The data extraction tool was sampled on a random subset of 3 papers and was later refined to ensure all desired elements were captured.

Synthesis of Results

Following data extraction, a validation check was completed, after which the data from each article were summarized and presented in narrative fashion. Key characteristics of the smartphone app–assisted interventions were recorded along with outcome data, which were subcategorized as follows: glycemic control; resource utilization and cost; satisfaction of key stakeholders; and maternal, perinatal, and neonatal outcomes.

The aim of this scoping review was to give a transparent, systematic overview of existing remote management strategies involving smartphone app–assisted care for GDM management. As such, neither methodological quality nor risk of bias was critically appraised as part of the review.

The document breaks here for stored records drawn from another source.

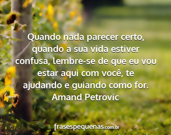 Quando nada parecer certo, quando a sua vida estiver confusa, lembre-se de que eu vou estar aqui com você, te ajudando e guiando como for.Amand Petrovic
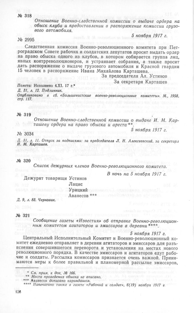 Отношение Военно-следственной комиссии о выдаче ордера на обыск клуба и предоставлении в распоряжение комиссии грузового автомобиля. 5 ноября 1917 г. // Д. 31, л. 12. Подлинник. Опубликовано в сб. «Большевистские военно-революционные комитеты». М., 1958, стр. 117.
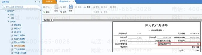 B.应用操作:【固定资产】-【变动单】-【使用年限调整】进入变动单填写界面,选择卡片编号,自动带出卡片上的其它信息,需要录入“变动后使用年限”和“变动原因”即可保存。
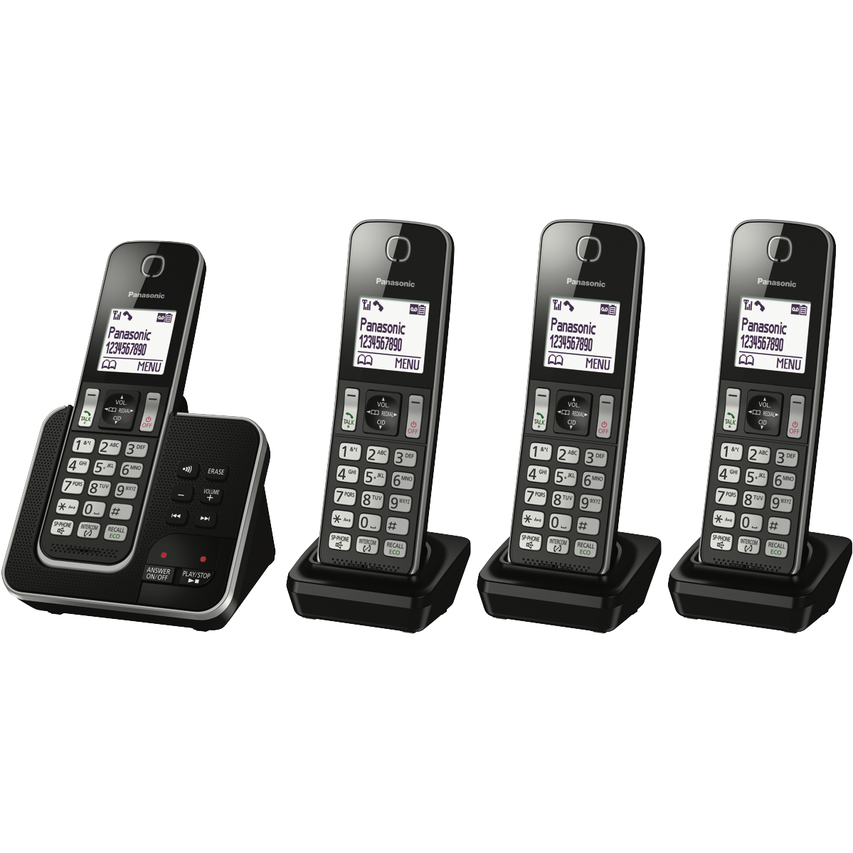 Stay connected with crystal clear calls across your home with the Panasonic Quad Pack Cordless Phone. This versatile phone system features four handsets that provide up to 16 hours of talk time and 200 hours on standby so you'll always be ready for the next call. The large phonebook stores up to 120 contacts while the backlit display and easy-to-use interface makes dialing effortless. With noise reduction technology and DECT 6.0 digital transmission conversations come through loud and clear every time. Caller ID allows you to see who's calling before you pick up. Customize your ringtones with polyphonic tones to match your style. Expandable up to 6 handsets (additional handsets sold separately) this system enables convenient communication across every room. The Panasonic Quad Pack Cordless Phone keeps your household connected. The manufacturer's part number for this product is KX-TGD324ALB.

The electronic database search yielded 954 results. Subsequent removal of duplicates resulted in 714 articles for title and abstract screening. A further 597 references were then excluded, as they did not meet the inclusion criteria. The remaining 117 articles were subject to full-text screening. An additional 5 studies obtained following forward citation searching were also screened by full-text review. This process resulted in the exclusion of 105 articles. Excluded studies included those describing the use of mobile phone technology without specific use of a smartphone app, descriptions of software and technological architecture development, and studies relating solely to web-based interventions (Textbox 1). Ultimately, 17 articles were included in the final review.

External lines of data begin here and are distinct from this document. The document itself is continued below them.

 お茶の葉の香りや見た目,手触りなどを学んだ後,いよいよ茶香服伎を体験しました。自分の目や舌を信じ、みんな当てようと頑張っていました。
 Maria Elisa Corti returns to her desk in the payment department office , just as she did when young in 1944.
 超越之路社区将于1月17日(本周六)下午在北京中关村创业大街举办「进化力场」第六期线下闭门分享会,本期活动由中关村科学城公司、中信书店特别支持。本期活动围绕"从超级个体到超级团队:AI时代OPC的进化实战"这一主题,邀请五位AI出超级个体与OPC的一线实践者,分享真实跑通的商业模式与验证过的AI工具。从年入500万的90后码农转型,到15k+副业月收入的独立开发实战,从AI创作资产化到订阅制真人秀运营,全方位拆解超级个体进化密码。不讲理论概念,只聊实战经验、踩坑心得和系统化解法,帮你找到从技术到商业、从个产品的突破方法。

Reasons for study exclusion following full-text review.

Excluded studies following full-text review

  • Phone use but not use of a smartphone app (n=18)
  • Description of software development (n=18)
  • Web-based interventions only (n=19)
  • Smartphone apps that functioned as a repository only (n=6)
  • Poster abstract only (n=4)
  • Not assessing gestational diabetes mellitus (n=3)
  • Secondary analyses (n=26)
  • Inaccessible (n=8)
Textbox 1. Reasons for study exclusion following full-text review.

There were 17 studies included in this review, the characteristics of which are represented in Table 2. The included studies were published between 2010 and 2022, with the majority (16/17, 94%) published during or since 2018. The studies were conducted across 11 countries, with 7 from Asia, 6 from Europe, 3 from Australia, and 1 from the United States. There were 10 randomized controlled trials (RCTs), 5 pilot intervention studies, 1 qualitative study, and 1 case series. The number of participants ranged from 4 participants in the case series to 340 in the largest of the RCTs (mean 111; median 100).

Description of the Smartphone-Assisted Remote Monitoring Solutions for Surveillance of GDM

All included studies reported direct uploading of data from the glucometer to the smartphone app. Although one early study used infrared transfer of data, Bluetooth-enabled transfer of glycemic indices was the most common approach. All studies involved the use of a smartphone app. Study participants were provided with a smartphone on which the study app was preinstalled in 2 studies, but in all other cases, the patient’s personal smartphone was used. Pervasive management solutions compatible with several operating systems, such as Android and iOS, were used in 13 studies [10-16,18-20,22-24].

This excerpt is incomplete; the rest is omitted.